Problem details →
Write out the entries below exactly, but only from the line containing "Tykke og varme" through the line containing "- 電腦機殼:darkFlash DS900 全景玻璃透側 ATX 白", and without the pictures.

[Opening Data to process section]

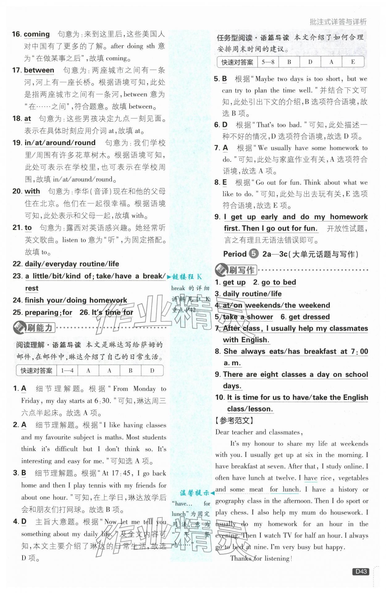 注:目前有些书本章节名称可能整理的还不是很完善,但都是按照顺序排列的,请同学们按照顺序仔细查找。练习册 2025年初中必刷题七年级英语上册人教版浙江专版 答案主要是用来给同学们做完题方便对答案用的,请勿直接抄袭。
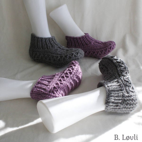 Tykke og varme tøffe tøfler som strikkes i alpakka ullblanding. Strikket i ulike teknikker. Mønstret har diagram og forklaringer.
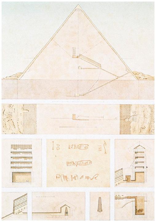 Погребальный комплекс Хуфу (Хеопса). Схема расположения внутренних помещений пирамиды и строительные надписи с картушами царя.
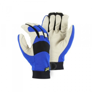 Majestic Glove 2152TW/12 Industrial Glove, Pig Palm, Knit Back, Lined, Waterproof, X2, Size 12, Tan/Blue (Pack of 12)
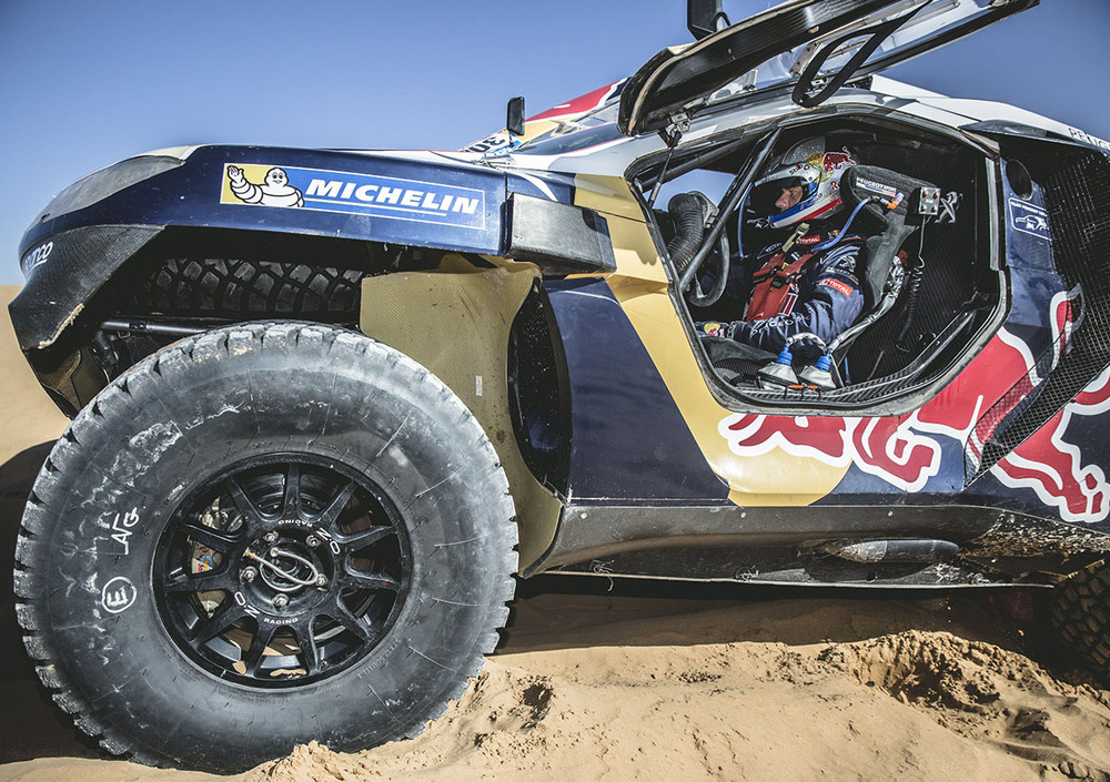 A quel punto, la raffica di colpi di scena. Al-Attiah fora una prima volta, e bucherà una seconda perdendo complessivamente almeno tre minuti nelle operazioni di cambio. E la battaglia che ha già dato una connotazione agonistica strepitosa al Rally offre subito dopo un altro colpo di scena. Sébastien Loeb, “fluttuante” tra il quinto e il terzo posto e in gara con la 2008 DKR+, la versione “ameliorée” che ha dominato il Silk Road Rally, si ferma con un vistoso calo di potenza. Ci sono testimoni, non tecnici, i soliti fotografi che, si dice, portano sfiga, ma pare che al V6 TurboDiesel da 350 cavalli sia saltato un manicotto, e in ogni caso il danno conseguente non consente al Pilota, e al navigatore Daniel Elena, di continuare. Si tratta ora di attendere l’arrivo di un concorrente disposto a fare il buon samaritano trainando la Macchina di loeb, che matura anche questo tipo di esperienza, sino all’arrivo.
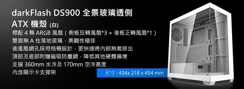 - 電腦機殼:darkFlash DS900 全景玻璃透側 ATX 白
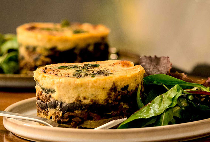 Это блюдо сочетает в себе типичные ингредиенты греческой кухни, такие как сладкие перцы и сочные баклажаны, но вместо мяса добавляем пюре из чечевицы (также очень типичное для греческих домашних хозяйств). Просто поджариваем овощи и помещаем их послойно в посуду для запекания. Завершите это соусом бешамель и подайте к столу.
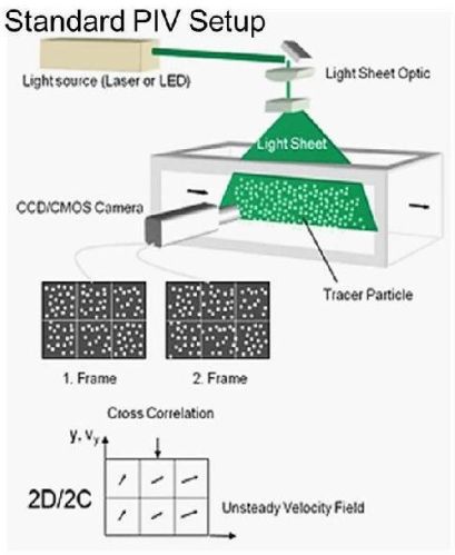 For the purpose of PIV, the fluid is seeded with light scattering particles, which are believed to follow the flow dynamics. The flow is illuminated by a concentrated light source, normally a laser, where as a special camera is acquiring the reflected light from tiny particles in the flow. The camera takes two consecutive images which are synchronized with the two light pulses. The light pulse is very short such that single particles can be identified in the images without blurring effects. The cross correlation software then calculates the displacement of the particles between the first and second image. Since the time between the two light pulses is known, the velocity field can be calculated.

[Closing Data to process section]

Answer for the task →
 Tykke og varme tøffe tøfler som strikkes i alpakka ullblanding. Strikket i ulike teknikker. Mønstret har diagram og forklaringer.
 Погребальный комплекс Хуфу (Хеопса). Схема расположения внутренних помещений пирамиды и строительные надписи с картушами царя.
 Majestic Glove 2152TW/12 Industrial Glove, Pig Palm, Knit Back, Lined, Waterproof, X2, Size 12, Tan/Blue (Pack of 12)
 A quel punto, la raffica di colpi di scena. Al-Attiah fora una prima volta, e bucherà una seconda perdendo complessivamente almeno tre minuti nelle operazioni di cambio. E la battaglia che ha già dato una connotazione agonistica strepitosa al Rally offre subito dopo un altro colpo di scena. Sébastien Loeb, “fluttuante” tra il quinto e il terzo posto e in gara con la 2008 DKR+, la versione “ameliorée” che ha dominato il Silk Road Rally, si ferma con un vistoso calo di potenza. Ci sono testimoni, non tecnici, i soliti fotografi che, si dice, portano sfiga, ma pare che al V6 TurboDiesel da 350 cavalli sia saltato un manicotto, e in ogni caso il danno conseguente non consente al Pilota, e al navigatore Daniel Elena, di continuare. Si tratta ora di attendere l’arrivo di un concorrente disposto a fare il buon samaritano trainando la Macchina di loeb, che matura anche questo tipo di esperienza, sino all’arrivo.
 - 電腦機殼:darkFlash DS900 全景玻璃透側 ATX 白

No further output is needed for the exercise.